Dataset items
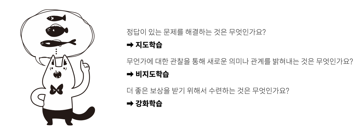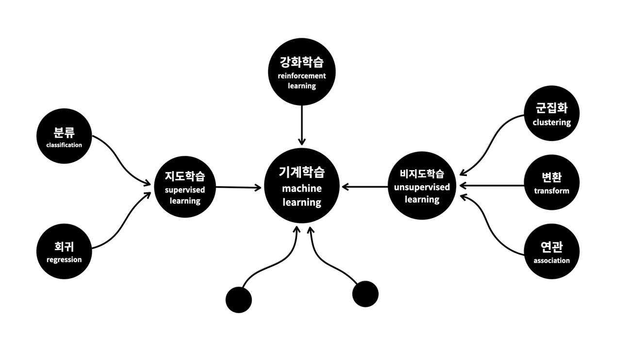 Machine Learning Types 중 가장 많이 쓰이는 것들을 그림으로 표현하면 아래와 같습니다.
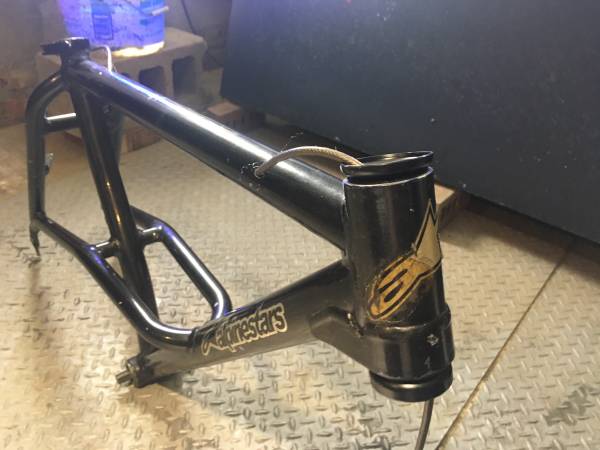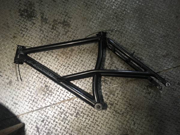 Super rare frame , cool chocolate metal flake, no frame damage just paint wear. Straight rear , Aluminum
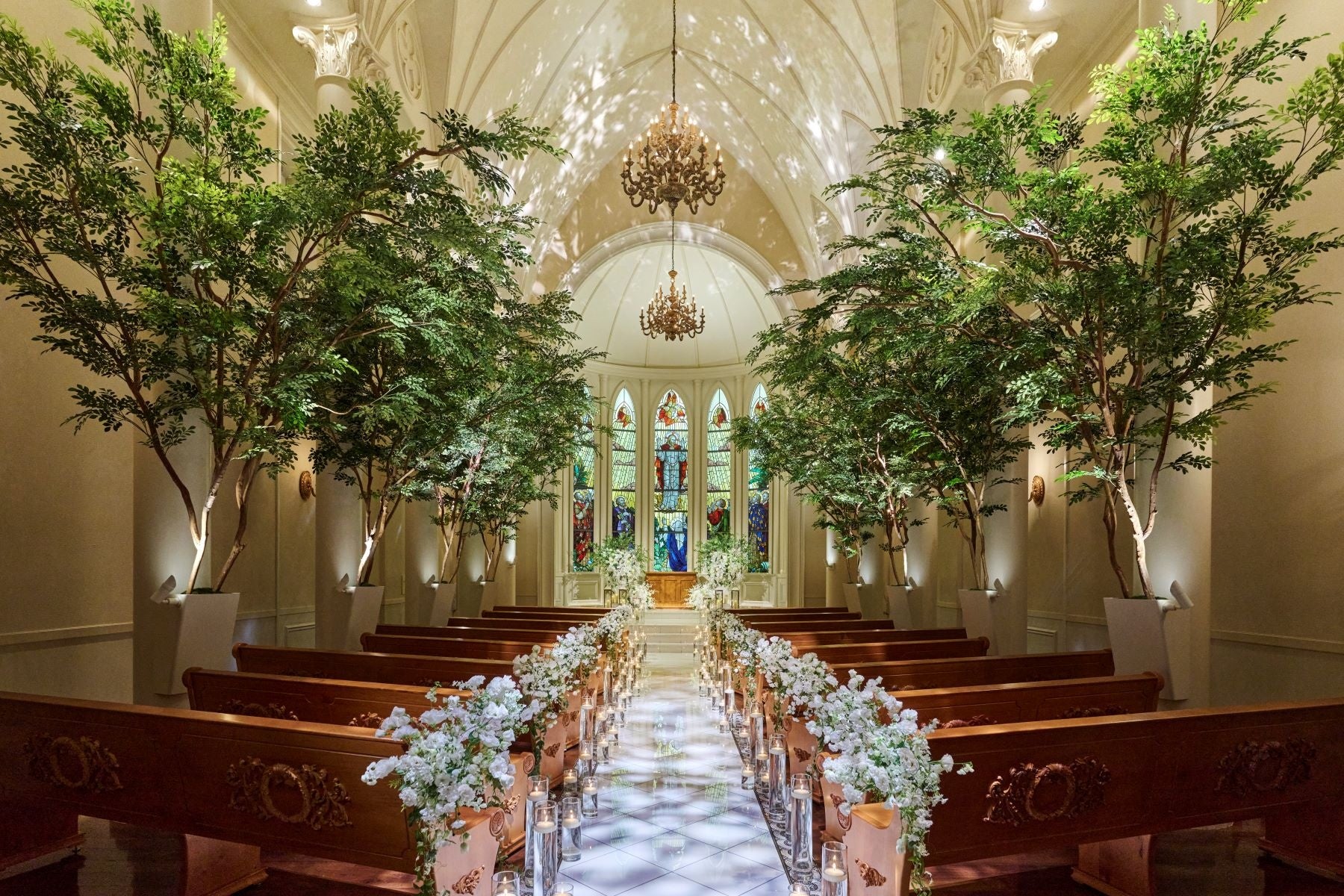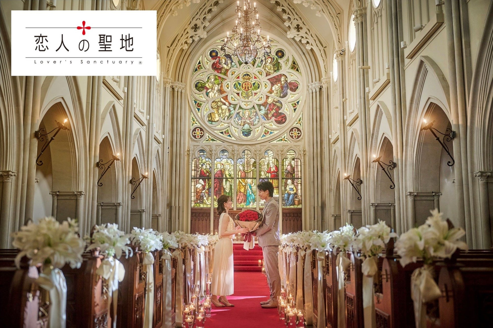 ドラマや映画のロケ地としても人気の結婚式場。130年の歴史を刻むステンドグラスと大理石のバージンロードが自慢の大聖堂をふたりだけで貸し切ったプロポーズが叶います。
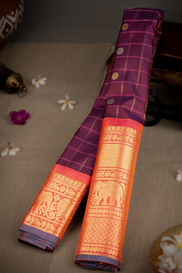 Varamahalakshmi Violet & Blush Pink Kancheepuram Checks Saree
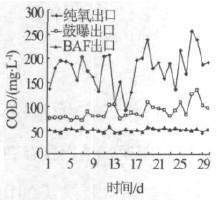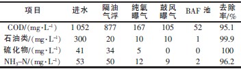 由圖1 可見,當進口石油類為30~582 mg/L(平均103 mg/L)時,氣浮出口的石油類物質平均為32mg/L,氣浮裝置除油能力顯著提高。圖1、圖2 表明,純氧曝氣與鼓風曝氣對石油類和氨氮的去除效果較好。而圖3、圖4 表明,當純氧曝氣進口COD為847mg/L,鼓風曝氣出口處COD僅有89.5 mg/L。顯然兩級生化對氨氮、石油類和COD的去除效果均較好,為BAF 進一步降解COD創造了良好條件。從圖4可以看出,BAF 池出口處的COD平均為51 mg/L,水質優于排放標準。
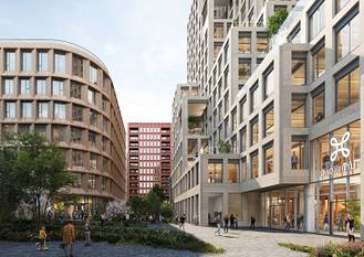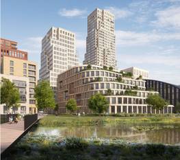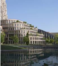 | Render van het project Lake Side dat Nextensa wil realiseren op de site van Thurn en Taxis. In de eerste fase moeten de drie meest rechtse gebouwen in beeld verrijzen.
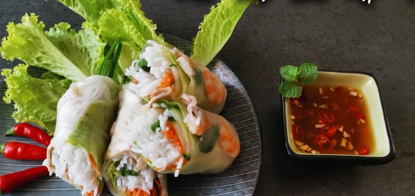 - 準備所有生春捲材料:蔬菜切絲、蛋白質煮熟、醬料調好。
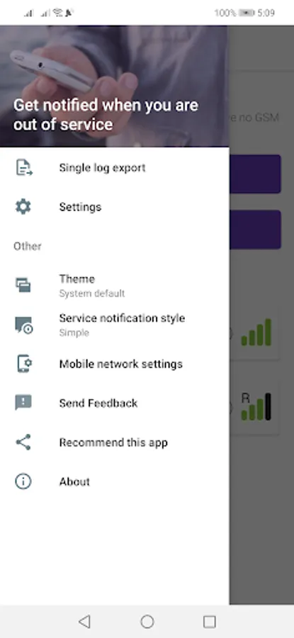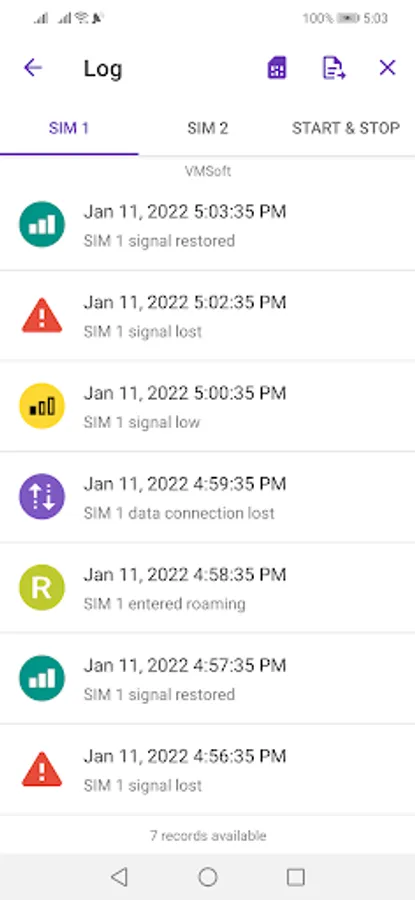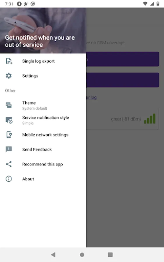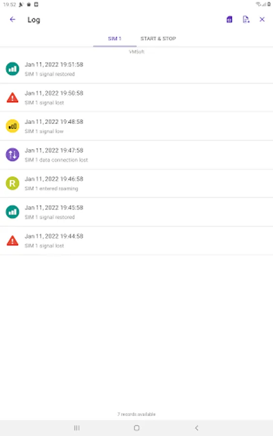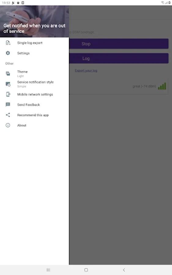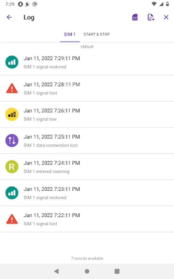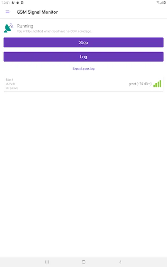 ‘GSM Signal Monitor’ logs every signal related event in its notifications log. The notification log keeps information when the GSM signal is lost, restored or low. It also logs information when the mobile data is lost or roaming is active. You can configure what’s logged in settings. The log can be exported in CSV, PDF and HTML formats.
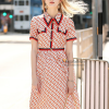 Đầm thiết kế dáng suông. Thiết kế cổ đầm dáng tròn, tay đầm dáng ngắn. Đầm tone trơn phối chữ “2099 Valentino”.
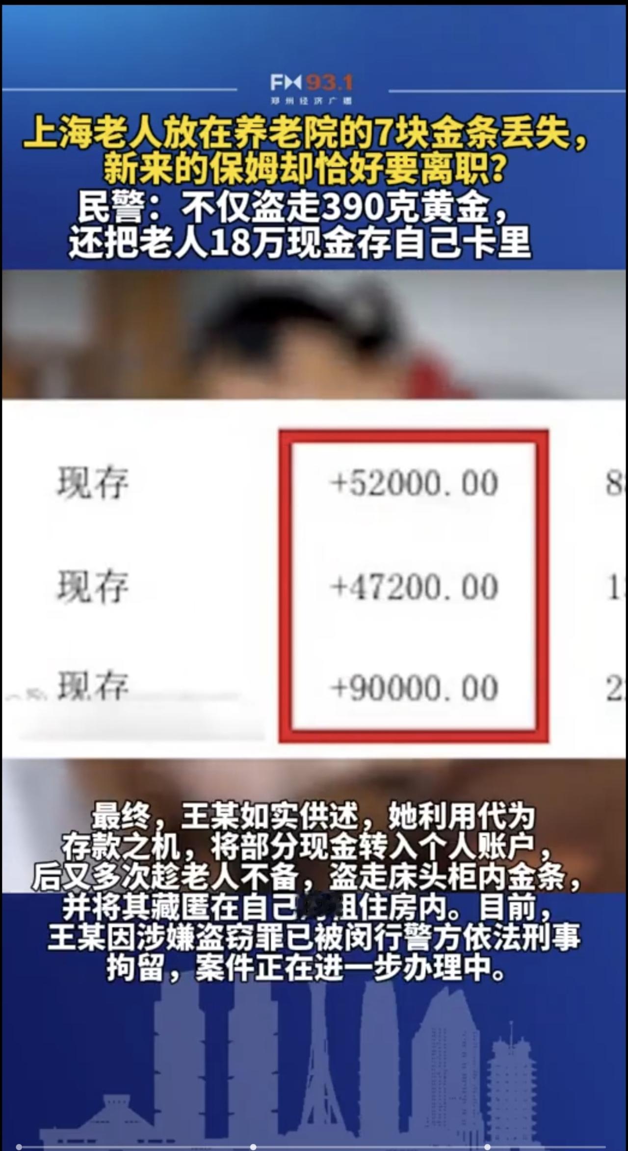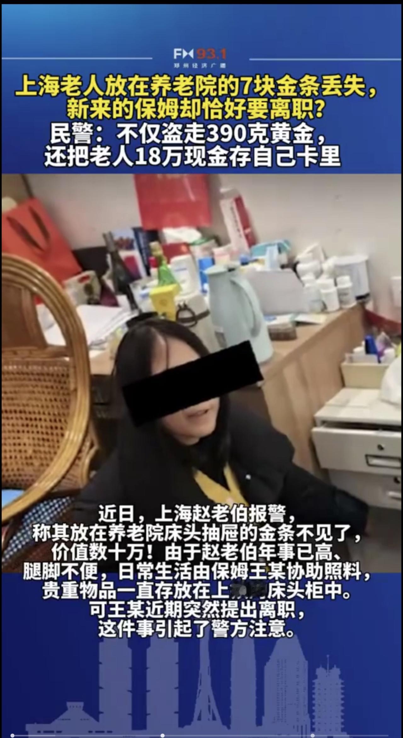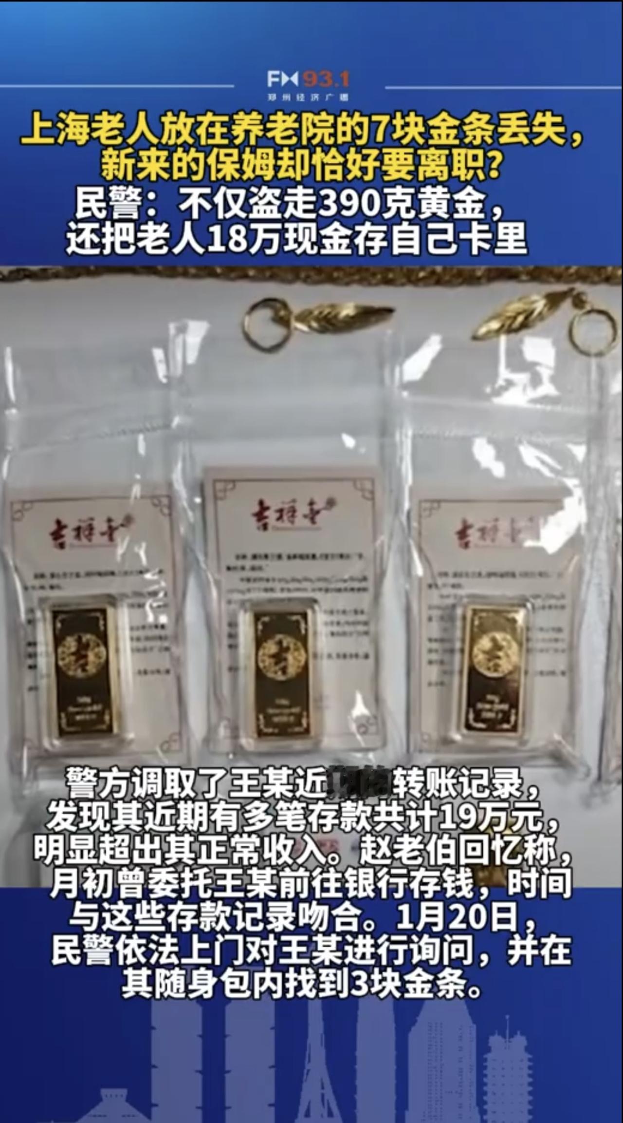 2月11日(发布),老人放在养老院的7块金条丢失,照料老人的保姆却恰好要离职?民警:不仅盗走390克黄金,还把老人18万现金存自己卡里。
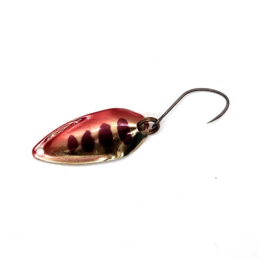 丸湖スプーンは全て水受けを最大限生かした構造と後方重心に寄り水受けのラジアル性と遠投性ディスタンス性に特化して居る製品に成っております。1.7gコンペティションは普通はブランクの厚みを上げるとスプーンのアクションは落ち着くのが本来ですが、あえて1.2g コンペティションに比べてハイアピールにセッティングして有ります。小型スプーンでもう少しロングディスタンスを可能にしたけど放流の活性の高いトラウトを取り安くしたのが1.7g コンペティションです。1.2g コンペティションとの使い分けを楽しんで戴けると幸いです。また2.0g クラスのアフターにも使い分けして戴くと楽しく釣りが出来ると思います。★重量(g):1.7
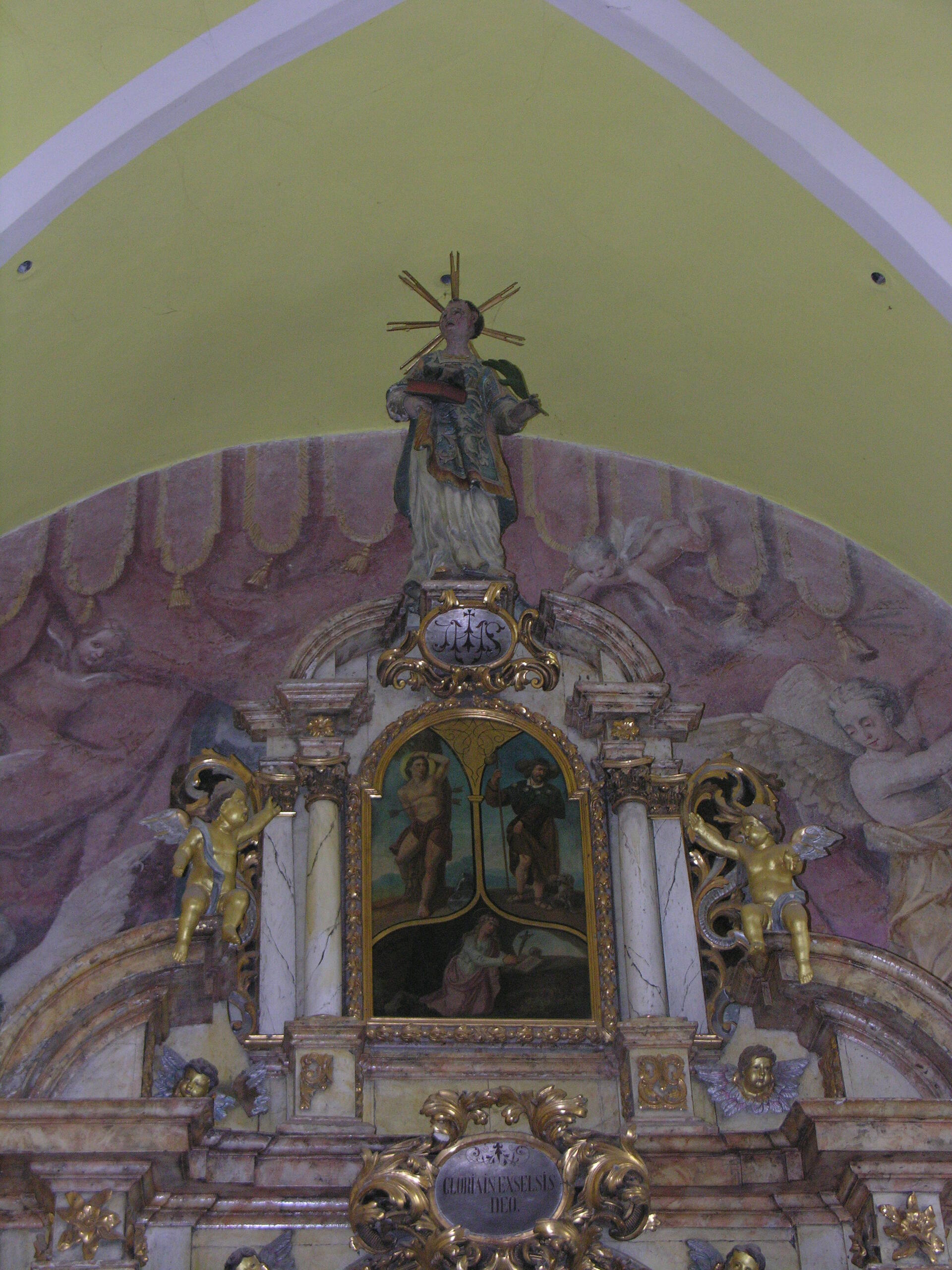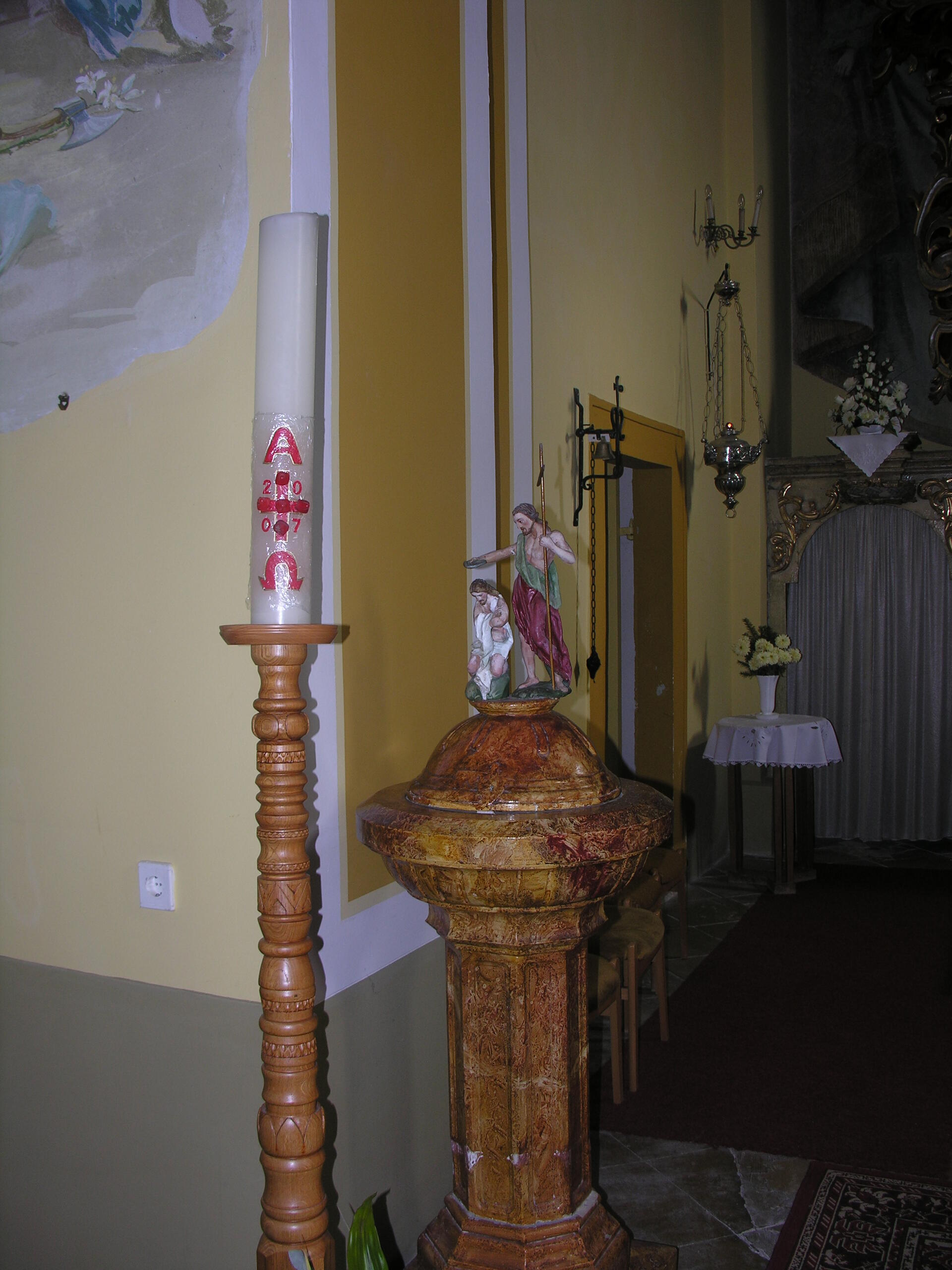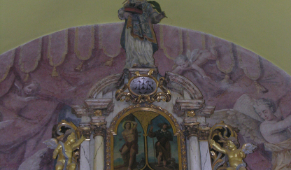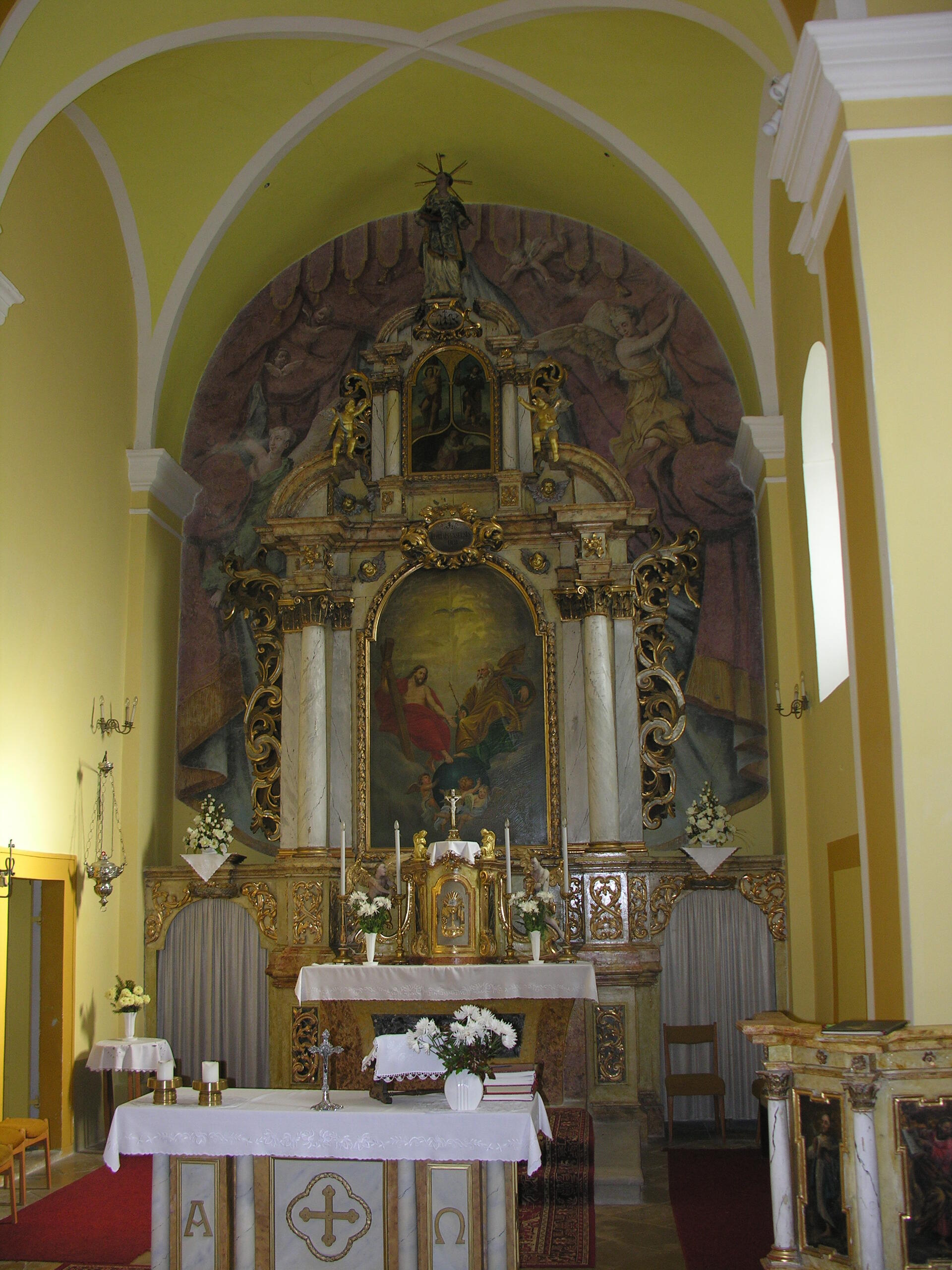 A templomot a török dúlások után, majd az 1829-es árvíz után is újjá kellett építeni. A barokk oltár nagyképe a Szentháromságot ábrázolja. A felső, háromrészes képen Szent Sebestyén, Szent Rókus és Szent Rozália látható. Értékes barokk munkák a szószék-mellvéd táblaképei, valamint a keresztelő medence tetején álló, Jézus megkeresztelkedését megjelenítő kis szoborcsoport. 1991-ben a II. világháborús emléktáblát avattak a templom falán.

- [Work item]: What is needed is a word-for-word transcription of all the entries, with the pictures dropped.

- [Exercise response]:
 Machine Learning Types 중 가장 많이 쓰이는 것들을 그림으로 표현하면 아래와 같습니다.
 Super rare frame , cool chocolate metal flake, no frame damage just paint wear. Straight rear , Aluminum
 ドラマや映画のロケ地としても人気の結婚式場。130年の歴史を刻むステンドグラスと大理石のバージンロードが自慢の大聖堂をふたりだけで貸し切ったプロポーズが叶います。
 Varamahalakshmi Violet & Blush Pink Kancheepuram Checks Saree
 由圖1 可見,當進口石油類為30~582 mg/L(平均103 mg/L)時,氣浮出口的石油類物質平均為32mg/L,氣浮裝置除油能力顯著提高。圖1、圖2 表明,純氧曝氣與鼓風曝氣對石油類和氨氮的去除效果較好。而圖3、圖4 表明,當純氧曝氣進口COD為847mg/L,鼓風曝氣出口處COD僅有89.5 mg/L。顯然兩級生化對氨氮、石油類和COD的去除效果均較好,為BAF 進一步降解COD創造了良好條件。從圖4可以看出,BAF 池出口處的COD平均為51 mg/L,水質優于排放標準。
 | Render van het project Lake Side dat Nextensa wil realiseren op de site van Thurn en Taxis. In de eerste fase moeten de drie meest rechtse gebouwen in beeld verrijzen.
 - 準備所有生春捲材料:蔬菜切絲、蛋白質煮熟、醬料調好。
 ‘GSM Signal Monitor’ logs every signal related event in its notifications log. The notification log keeps information when the GSM signal is lost, restored or low. It also logs information when the mobile data is lost or roaming is active. You can configure what’s logged in settings. The log can be exported in CSV, PDF and HTML formats.
 Đầm thiết kế dáng suông. Thiết kế cổ đầm dáng tròn, tay đầm dáng ngắn. Đầm tone trơn phối chữ “2099 Valentino”.
 2月11日(发布),老人放在养老院的7块金条丢失,照料老人的保姆却恰好要离职?民警:不仅盗走390克黄金,还把老人18万现金存自己卡里。
 丸湖スプーンは全て水受けを最大限生かした構造と後方重心に寄り水受けのラジアル性と遠投性ディスタンス性に特化して居る製品に成っております。1.7gコンペティションは普通はブランクの厚みを上げるとスプーンのアクションは落ち着くのが本来ですが、あえて1.2g コンペティションに比べてハイアピールにセッティングして有ります。小型スプーンでもう少しロングディスタンスを可能にしたけど放流の活性の高いトラウトを取り安くしたのが1.7g コンペティションです。1.2g コンペティションとの使い分けを楽しんで戴けると幸いです。また2.0g クラスのアフターにも使い分けして戴くと楽しく釣りが出来ると思います。★重量(g):1.7
 A templomot a török dúlások után, majd az 1829-es árvíz után is újjá kellett építeni. A barokk oltár nagyképe a Szentháromságot ábrázolja. A felső, háromrészes képen Szent Sebestyén, Szent Rókus és Szent Rozália látható. Értékes barokk munkák a szószék-mellvéd táblaképei, valamint a keresztelő medence tetején álló, Jézus megkeresztelkedését megjelenítő kis szoborcsoport. 1991-ben a II. világháborús emléktáblát avattak a templom falán.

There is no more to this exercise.